Serial band and project starter, synth player who considers himself a guitarist, compulsive weekly composer.

All submissions (113)

I had a thought to do all-in-the-box this week, partly thinking of Daft Punk retiring their collaboration, but then departing from that initial idea. There's still 808 as the drum machine (via Ableton's 808 Startup Kit), 4-bit Redux on the handclaps, and Ableton's Analog for bass and two synths. I also went for WaveTable (Juno Organ Wave, with the filter cutoffs brought way down).

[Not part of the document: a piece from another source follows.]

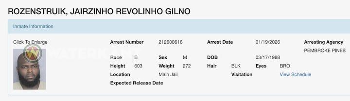 Оғир вазн тоифасида фаолият олиб борган суринамлик собиқ UFC жангчиси Жаирзиньо Розенстрайк 19 январь куни АҚШнинг Флорида штатида ҳибсга олинган.

Inline processing: I made use of Live 11's clip randomization with a narrow range of velocity variation in the drums here and there, as well as some in the bass. It might not be very audible. There's also a touch of Max Humanizer on the drums, which kind of defeats the purpose of using drum machine voicing...but maybe not.

Sends: Hybrid Reverb (the jury's still out on how useful I'll find this; I think I just prefer convolution reverb alone, rather than blended with an algorithm, and I'm not all that sold on the impulse I used here), Delay, Echo with LFO Auto-Filter in front, and Spectral Resonator, which is responsible for that little sparkly mechanical flourish every so many bars.

There's also the usual multi-band compression on the output.

Title comes from 61's status as the smallest proper prime

Running maybe a bit late on this one--hey, it was Thundersnow weekend--but I've been uploading at the start of deadlines, not the finish. So...going to say it's all good.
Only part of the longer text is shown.